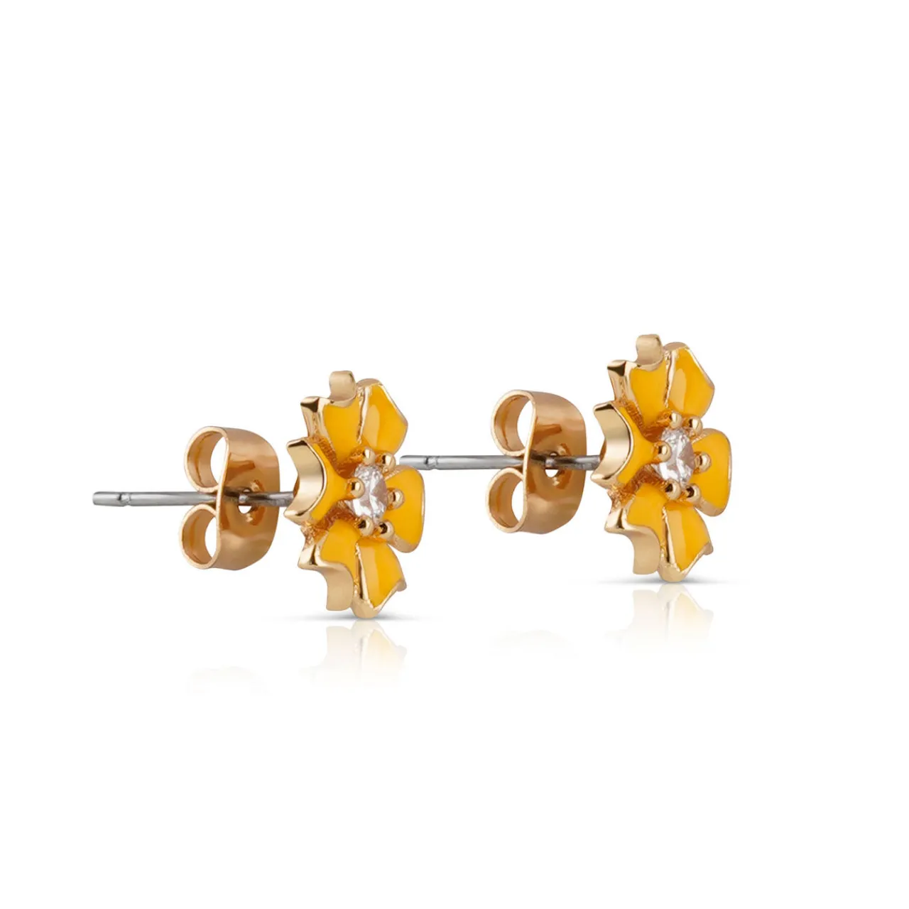 - Floral-shaped design, yellow enamel detailing, butterfly post fastenings, gold-tone finish, presented in a branded gift box
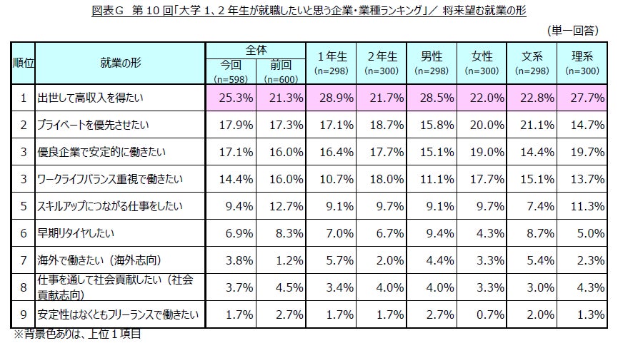 「出世して高収入を得たい」については、学年別・性別・文理別のすべてで1位を占め、特に「1年生」(同28.9%)と「男性」(同28.5%)では、2位の「プライベートを優先させたい」との差が10ポイント以上高い回答率となっています。(図表G)
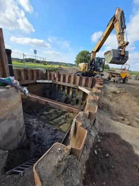 W ramach inwestycji pn. „Budowa nowej oczyszczalni ścieków wraz z budową infrastruktury wodno-kanalizacyjnej w Gminie Miękinia”, realizowanej przez firmę Inżynieria Rzeszów S.A., prowadzone są prace związane z modernizacją tłoczni ścieków w miejscowości Mrozów.
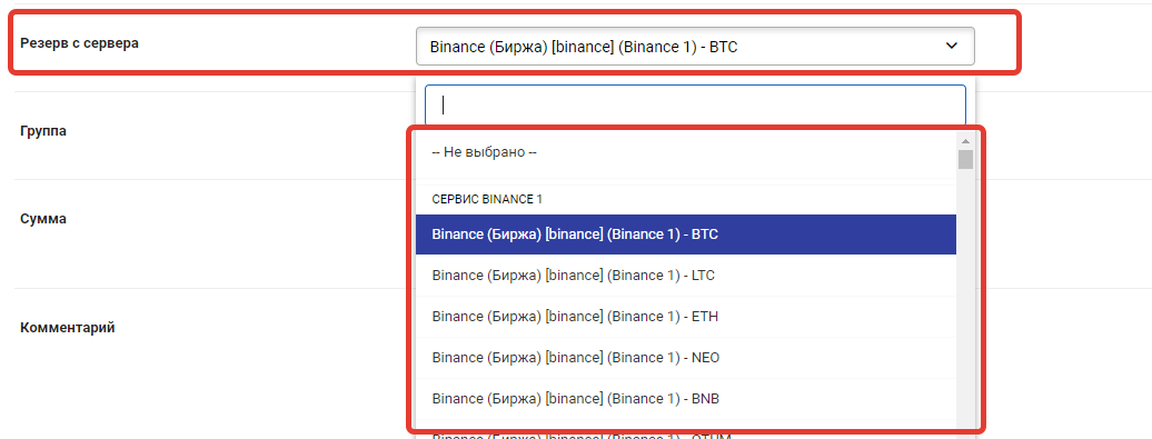 В блоке Резерв с сервера, выберите код валюты, которую хотите подключить.
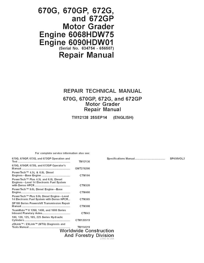 Manual técnico de reparación de motoniveladoras John Deere 670G, 670GP, 672G y 672GP SN 634754-656507 (PDF) (TM12138)
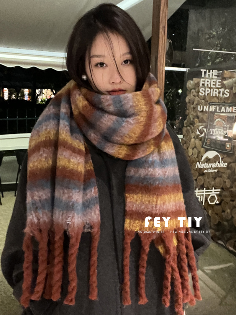 Удерживающий тепло ретро зимний шарф, бархатная накидка из искусственного меха, в корейском стиле, увеличенная толщина
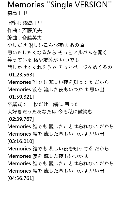 | [02:58.014] | Memories 涙を 流した恋もいつかは 思い出 |
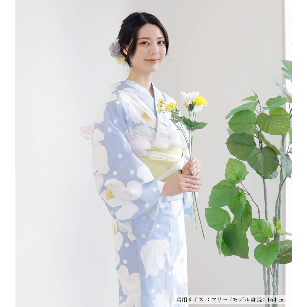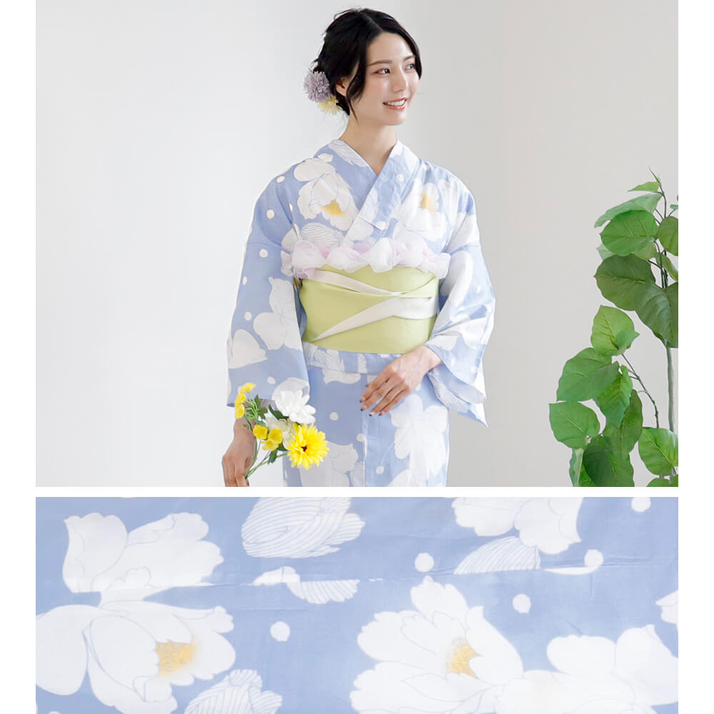清涼感あふれる淡い空色に、ふんわりと咲いた椿が印象的な「カメリアスカイ」は、綿100%の心地よい肌ざわりが特長の浴衣です。
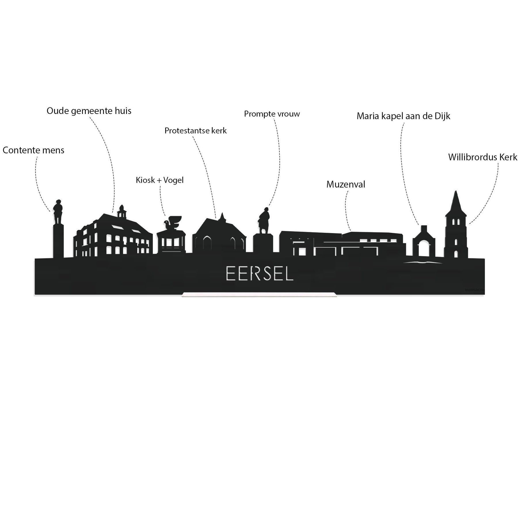 Je herkent ze vast allemaal; de hoogtepunten van deze geliefde plaats: Contente mens, Oude gemeente huis, Kiosk. Prompte vrouw, Protestantse kerk, Muzenval, Nieuwe gemeentehuis, Maria kapel aan de Dijk, Willibrordus Kerk, Vogel. De skyline is gemaakt in samenwerking met inwoners uit Eersel en het silhouet komt uit het creatieve brein van onze eigen kunstenares. Met liefde gemaakt!
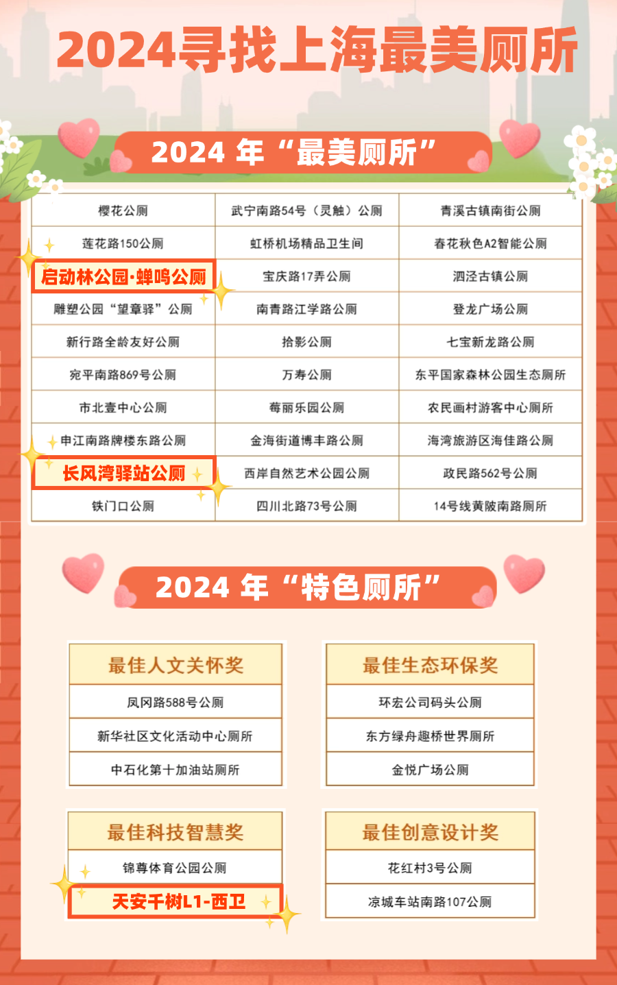 11月12日,由上海市文化和旅游局、上海市绿化和市容管理局共同主办的2024年寻找上海“最美厕所”征集活动日前揭晓,全市共有30家获评2024年上海“最美厕所”,普陀有2家厕所上榜;10家获评2024年上海“特色厕所”,其中1家位于普陀。 快来一睹这三家获奖厕所风采吧! 长风湾驿站公厕 长风湾驿站公厕位于半马苏河公园2号绿地游艇码头旁,新古典主义风格的外观设计与苏河两岸环境相得益彰,全天候为市民游客提供便捷、整洁的如厕体验。 智慧平台系统对公厕内部的空气质量、温湿度、蹲位使用情况、客流量等指标数据进行实时监测并显示,让使用者和管理者都能对公厕运行情况一目了然。 空气净化系统、智能温控系统的设置,以及公厕适老适幼无障碍设施升级,为市民游客营造了安全、舒适的全天候如厕环境。 智能节水装置、采光结构设计、内部环保装饰材料的整体运用,在确保公厕环境整洁明亮的同时, 进一步降低能耗,践行绿色低碳的理念。 “如居家般温馨的管家式”服务模式,得到了市民游客的广泛好评。“高温蒸汽清洁机”“多功能洗地机”“瞬吸式擦窗机”等新型保洁工具,代替了传统的抹布、拖把,在提高保洁效率的同时,对公厕进行深度清洁与消毒杀菌。市民在如厕时享受到更加干净、舒适的环境,科技助力让生活更美好。 小小公厕,虽不起眼,却是人民城市不可或缺的一隅;它不仅是城市功能的细微展现,更是为民服务、传递温暖的明亮窗口。身处于繁华的上海滩,漫步在美丽的苏河畔,长风湾驿站公厕以其独特的设计和贴心的服务,致力于为每一位到访者提供美好舒心的体验。 启动林公园·蝉鸣公厕 启动林公园·蝉鸣公厕,巧妙地将自然元素融入城市建设之中,开创了全市首个以“蝉”为主题的生物多样性科普厕所新篇章。这座公厕不仅搭载了先进的智慧管理系统,实时显示使用情况和空气质量,设计了适老适幼化设施,并融入了休憩、社交、教育等多重功能,展现了新颖的自然文化内涵和卓越的公共空间体验品质。 蝉鸣公厕以展现上海特有的蒙古寒蝉、蟪蛄和黑蚱蝉三种蝉为核心,精心打造“听蝉鸣”“观蝉画”“学科普”“悟禅意”四种意境,让市民游客在如厕之余,也能领略到蝉文化的独特魅力。其中,独特的声感互动装置设计更是别出心裁,只需轻轻触动按钮,便能聆听蝉鸣等自然声音,唤起人们对童年的美好回忆和对大自然的无限遐想。 通过营造模拟生态环境,蝉鸣公厕将公共厕所的趣味性与公园的优雅环境完美融合,不仅提升了市民游客的如厕舒适度和体验感,更增强了他们对大自然生物多样性的认知和环境保护意识,为普陀区的城市建设增添了新的亮点和活力。 天安千树L1-西卫 天安·千树建筑造型灵感来源于连绵的黄山,作为商业综合体不可或缺的空间,洗手间整体设计呼应天安·千树独特的“山形”设计,在保证空间美观的同时,将科技智慧融入使用场景,在细节之处尽显人文关怀。 天安·千树L1-西卫以个性精致的艺术画作为点缀装饰,在用心营造艺术空间同时,不忘洗手间的本质功能,紧抓隐私与实用。起伏式的墙面设计保证了隐私性,营造出充分的放松氛围;为保证实用性则设置了全自动感应式洁具,为市民提供了贴心的免接触设计,重新定义了公共空间的洁净体验,真正做到了用科技给予人文关怀。
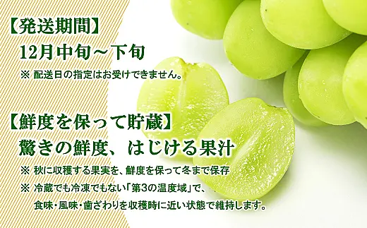 ぶどうが凍らない「冷蔵でも冷凍でもない第3の温度域」で、食味・風味・歯ざわりを収穫時に近い状態で維持しております。
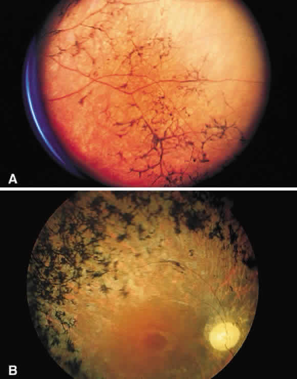 The shape of other retinal hemorrhages depends on the layer of the retina affected. The hemorrhage spreads along the plane defined by the orientation of retinal structures. Thus, a hemorrhage within the nerve fiber layer is oriented in the direction of the nerve fibers, parallel to the internal limiting membrane (seeFig. 11A) and is seen in the posterior pole as a flame-shaped hemorrhage (see Fig. 11B). In the retinal periphery, however, nerve fiber layer hemorrhages are not flame shaped but appear ophthalmoscopically as dots or blots. The explanation of this phenomenon also is related to the orientation of the nerve fiber layer. In the retinal periphery, the nerve fibers become separated and are oriented so as to form a network of round or polygonal spaces between the fibers, whereas in the posterior pole, the tight fascicular orientation of the fibers forms potential trough-like planes. The orientation of the processes of retinal cells deep to the nerve fiber layer is perpendicular to the plane of the internal limiting membrane. Therefore, hemorrhages in the deeper (or outermost) retinal layer are oriented in a cylindrical column. The ophthalmoscopist views a cross-section of this column (the cylinder end-on) and sees a dot or blot hemorrhage (see Fig. 23). |
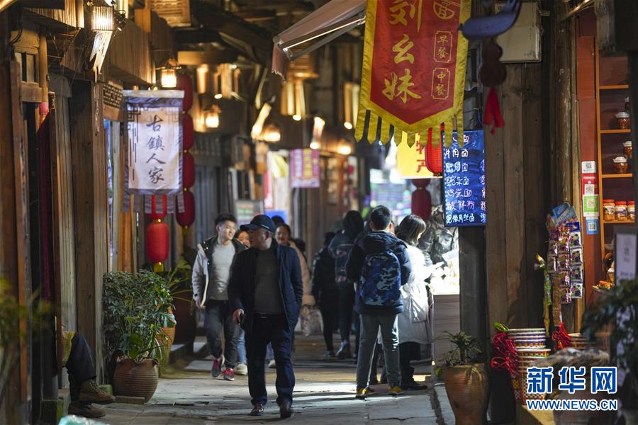 游客在中山古镇的老街上品味“慢”生活(1月17日摄)。新华社记者 刘潺 摄
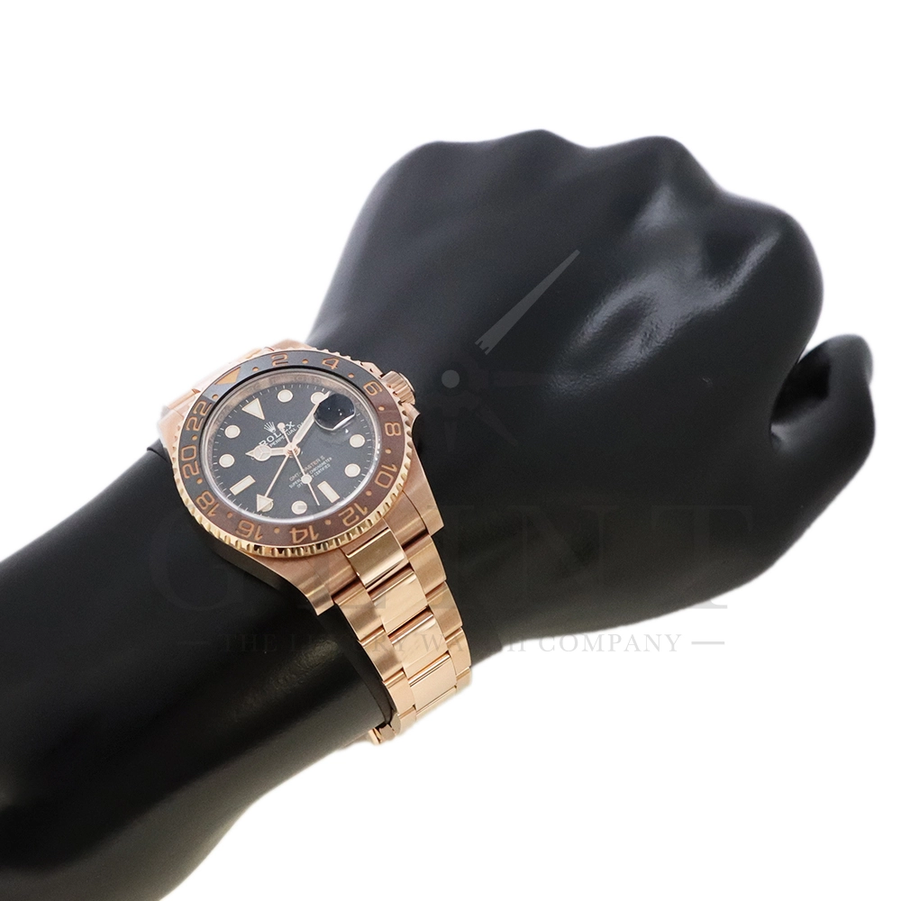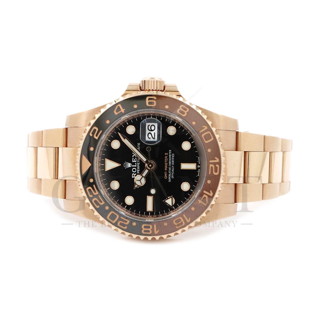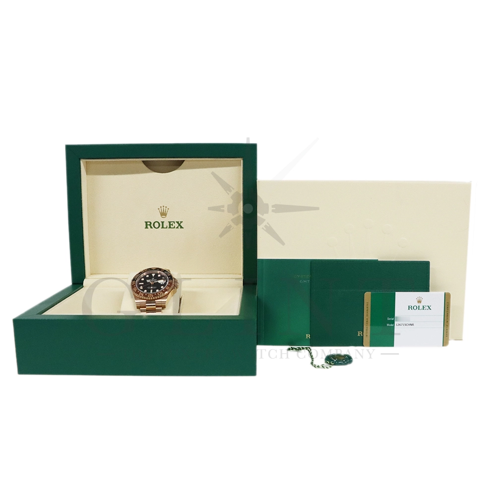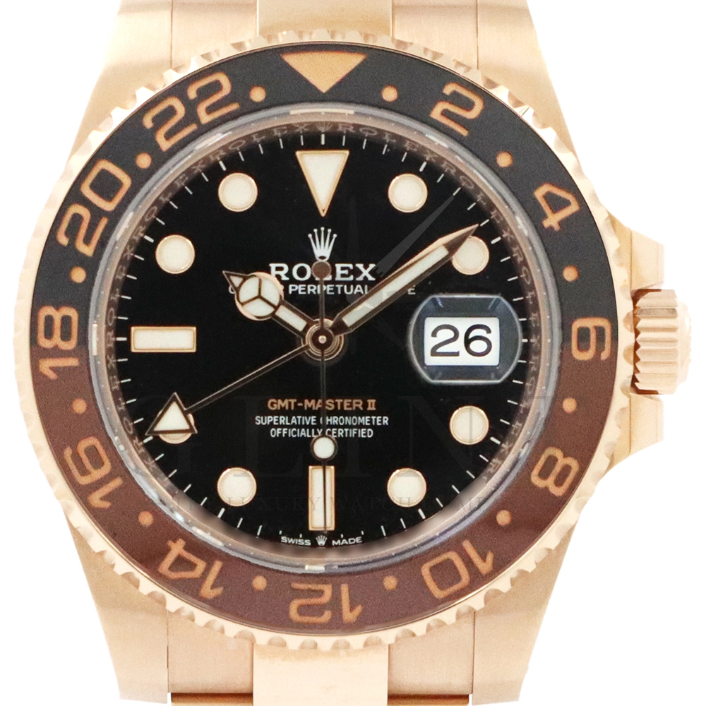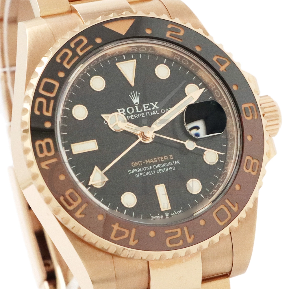 こちらはロレックス GMTマスター2です。スポーツモデルの中でも、ラグジュアリーと実用性を兼ね備えた人気モデルが、Rolex GMT‑Master II 126715CHNR。通称「ルートビア」として知られる本モデルは、エバーローズゴールドケースとブラウン×ブラックのツートーンベゼルが特徴で、落ち着きと高級感を兼ね備えたデザインが魅力です。ケースにはロレックス独自の18Kエバーローズゴールドを採用。経年による色味の変化を抑える独自合金により、美しいピンクゴールドの輝きを長く保ちます。ベゼルには耐傷性・耐紫外線性に優れたセラクロムベゼルインサートを使用し、ブラウンとブラックの24時間表示により昼夜の判別が可能。GMT機能により、ホームタイムと第2時間帯を同時に表示できるため、海外出張や旅行が多い方にも最適な一本です。ムーブメントにはロレックス自社製キャリバー3285を搭載。高精度クロノメーター認定を受けており、約70時間のパワーリザーブを実現しています。さらにパラクロム・ヘアスプリングやクロナジーエスケープメントなど、耐磁性や耐衝撃性にも優れた最先端技術が採用されています。ブレスレットは重厚感のあるエバーローズゴールド製オイスターブレスレットを装備し、優れた装着感と高級感を両立。スポーツモデルでありながらドレスウォッチとしても映える存在感を持ち、ビジネスからカジュアルまで幅広いシーンで活躍します。ラグジュアリー素材とプロフェッショナルウォッチの機能性を融合させた126715CHNRは、資産価値・デザイン性・実用性のすべてを兼ね備えた特別な一本です。時計愛好家はもちろん、長く愛用できるハイエンドスポーツウォッチをお探しの方におすすめのモデルとなっています。

_ _ _ _

WHAT YOU ARE ASKED TO DO => Your task is to repeat exactly the lines from the beginning of the data to the line that contains "Je herkent ze", both ends included, leaving out pictures.

TASK RESULT =>
 - Floral-shaped design, yellow enamel detailing, butterfly post fastenings, gold-tone finish, presented in a branded gift box
 「出世して高収入を得たい」については、学年別・性別・文理別のすべてで1位を占め、特に「1年生」(同28.9%)と「男性」(同28.5%)では、2位の「プライベートを優先させたい」との差が10ポイント以上高い回答率となっています。(図表G)
 W ramach inwestycji pn. „Budowa nowej oczyszczalni ścieków wraz z budową infrastruktury wodno-kanalizacyjnej w Gminie Miękinia”, realizowanej przez firmę Inżynieria Rzeszów S.A., prowadzone są prace związane z modernizacją tłoczni ścieków w miejscowości Mrozów.
 В блоке Резерв с сервера, выберите код валюты, которую хотите подключить.
 Manual técnico de reparación de motoniveladoras John Deere 670G, 670GP, 672G y 672GP SN 634754-656507 (PDF) (TM12138)
 Удерживающий тепло ретро зимний шарф, бархатная накидка из искусственного меха, в корейском стиле, увеличенная толщина
 | [02:58.014] | Memories 涙を 流した恋もいつかは 思い出 |
清涼感あふれる淡い空色に、ふんわりと咲いた椿が印象的な「カメリアスカイ」は、綿100%の心地よい肌ざわりが特長の浴衣です。
 Je herkent ze vast allemaal; de hoogtepunten van deze geliefde plaats: Contente mens, Oude gemeente huis, Kiosk. Prompte vrouw, Protestantse kerk, Muzenval, Nieuwe gemeentehuis, Maria kapel aan de Dijk, Willibrordus Kerk, Vogel. De skyline is gemaakt in samenwerking met inwoners uit Eersel en het silhouet komt uit het creatieve brein van onze eigen kunstenares. Met liefde gemaakt!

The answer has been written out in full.